What is needed: Your answer must be only the lines below from the one containing "重庆东站施工现场,工作人员在操作幕墙安装机器人。受访单位供图" through the one containing "- Piscina privada", copied exactly, with the pictures left out.

The data:
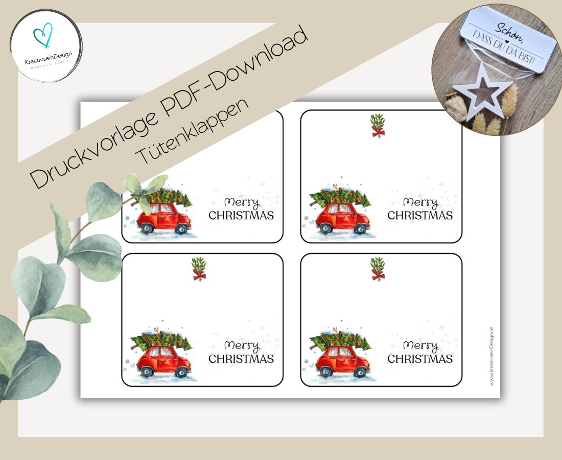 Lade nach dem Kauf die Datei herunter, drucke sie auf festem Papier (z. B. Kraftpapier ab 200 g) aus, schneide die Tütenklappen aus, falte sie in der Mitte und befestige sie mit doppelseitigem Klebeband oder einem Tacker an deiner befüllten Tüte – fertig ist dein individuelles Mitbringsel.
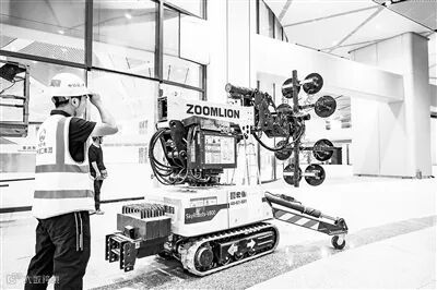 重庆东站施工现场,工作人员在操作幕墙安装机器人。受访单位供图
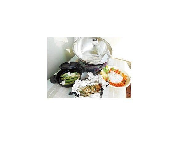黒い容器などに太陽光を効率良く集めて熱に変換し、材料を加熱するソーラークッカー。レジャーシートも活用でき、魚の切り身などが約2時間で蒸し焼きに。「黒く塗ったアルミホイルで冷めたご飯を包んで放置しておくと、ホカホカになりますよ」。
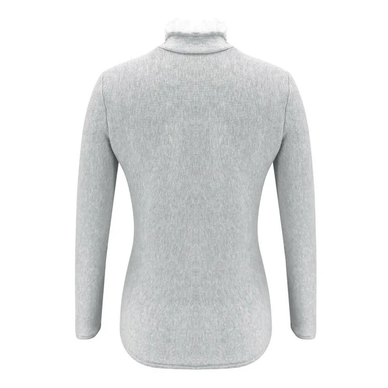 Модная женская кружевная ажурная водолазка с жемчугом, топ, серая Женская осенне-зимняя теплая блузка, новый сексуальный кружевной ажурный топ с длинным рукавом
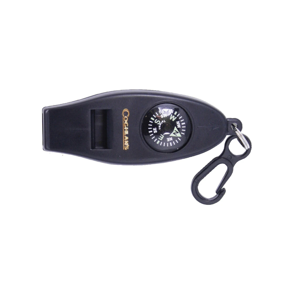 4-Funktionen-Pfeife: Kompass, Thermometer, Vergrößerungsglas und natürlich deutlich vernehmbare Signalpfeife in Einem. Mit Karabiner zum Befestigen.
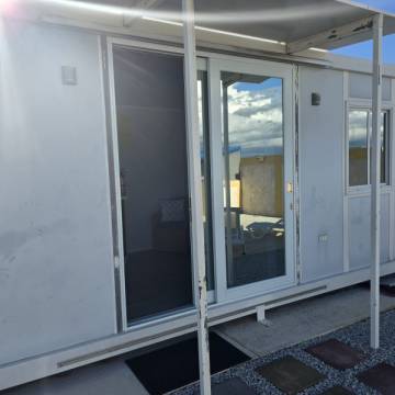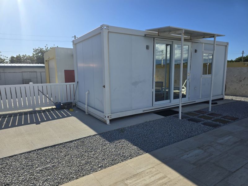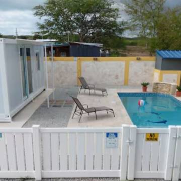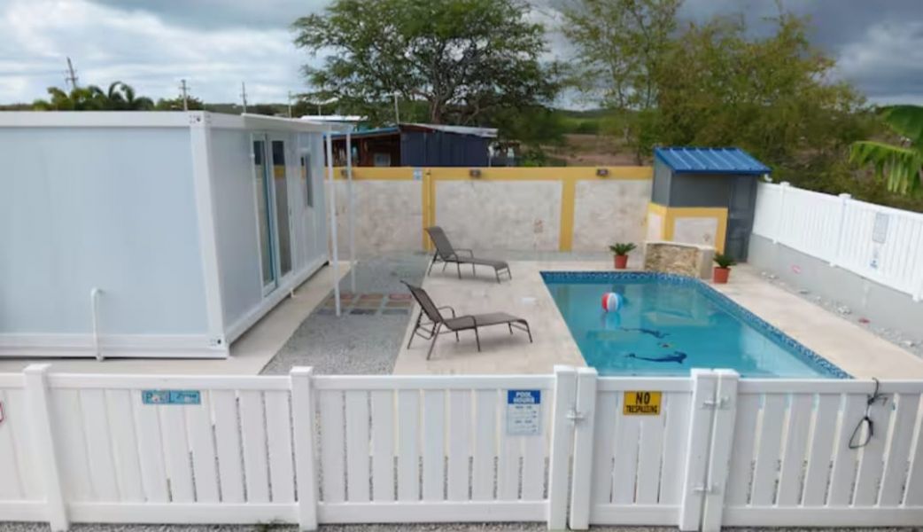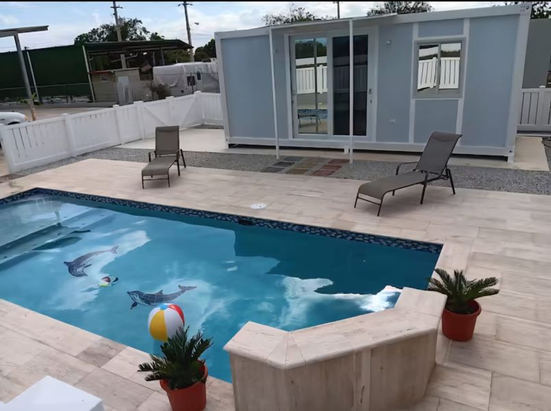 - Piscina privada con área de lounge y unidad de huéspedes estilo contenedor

==

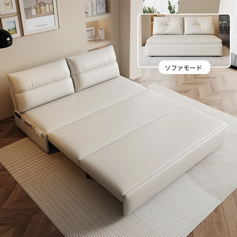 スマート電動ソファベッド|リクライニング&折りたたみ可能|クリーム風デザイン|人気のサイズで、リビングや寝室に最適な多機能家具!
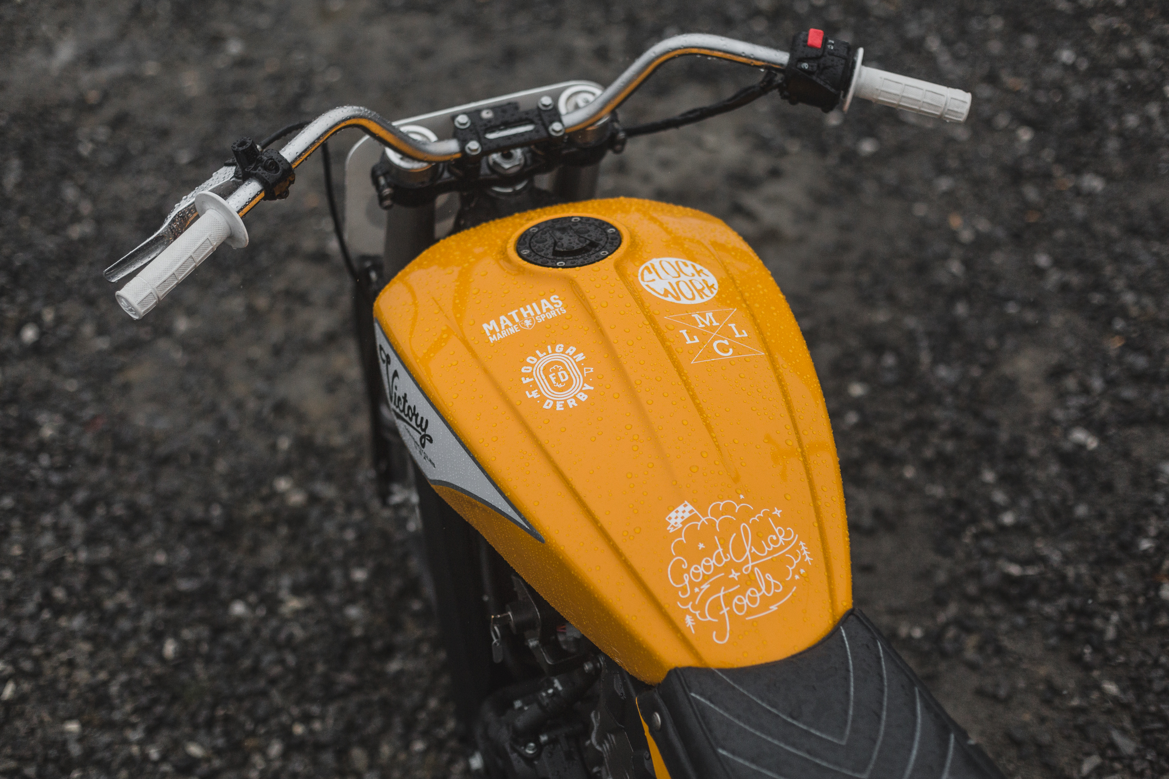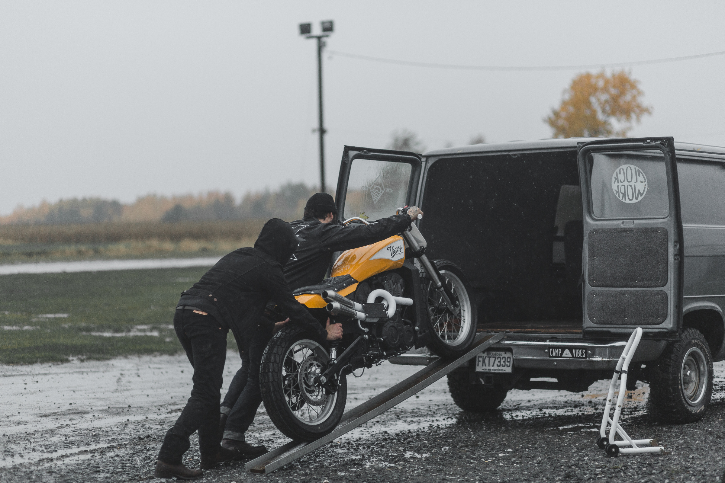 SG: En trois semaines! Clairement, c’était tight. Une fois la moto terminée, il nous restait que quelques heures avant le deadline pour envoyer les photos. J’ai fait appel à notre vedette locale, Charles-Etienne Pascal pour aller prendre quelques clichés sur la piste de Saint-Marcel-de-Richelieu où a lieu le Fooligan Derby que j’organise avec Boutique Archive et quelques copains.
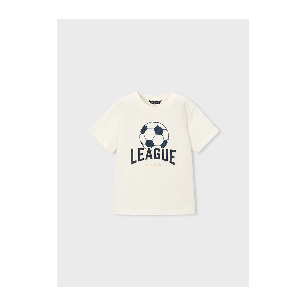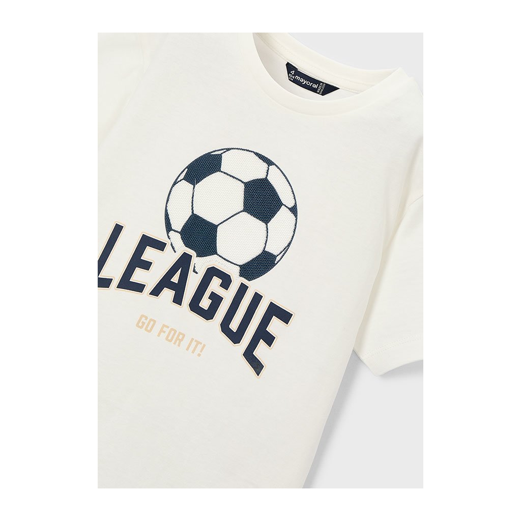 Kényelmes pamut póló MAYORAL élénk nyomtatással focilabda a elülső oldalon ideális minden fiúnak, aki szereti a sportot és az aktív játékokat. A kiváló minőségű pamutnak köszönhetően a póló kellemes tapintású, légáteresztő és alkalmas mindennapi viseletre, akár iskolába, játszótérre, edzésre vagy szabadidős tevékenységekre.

Solved problem:
 重庆东站施工现场,工作人员在操作幕墙安装机器人。受访单位供图
黒い容器などに太陽光を効率良く集めて熱に変換し、材料を加熱するソーラークッカー。レジャーシートも活用でき、魚の切り身などが約2時間で蒸し焼きに。「黒く塗ったアルミホイルで冷めたご飯を包んで放置しておくと、ホカホカになりますよ」。
 Модная женская кружевная ажурная водолазка с жемчугом, топ, серая Женская осенне-зимняя теплая блузка, новый сексуальный кружевной ажурный топ с длинным рукавом
 4-Funktionen-Pfeife: Kompass, Thermometer, Vergrößerungsglas und natürlich deutlich vernehmbare Signalpfeife in Einem. Mit Karabiner zum Befestigen.
 - Piscina privada con área de lounge y unidad de huéspedes estilo contenedor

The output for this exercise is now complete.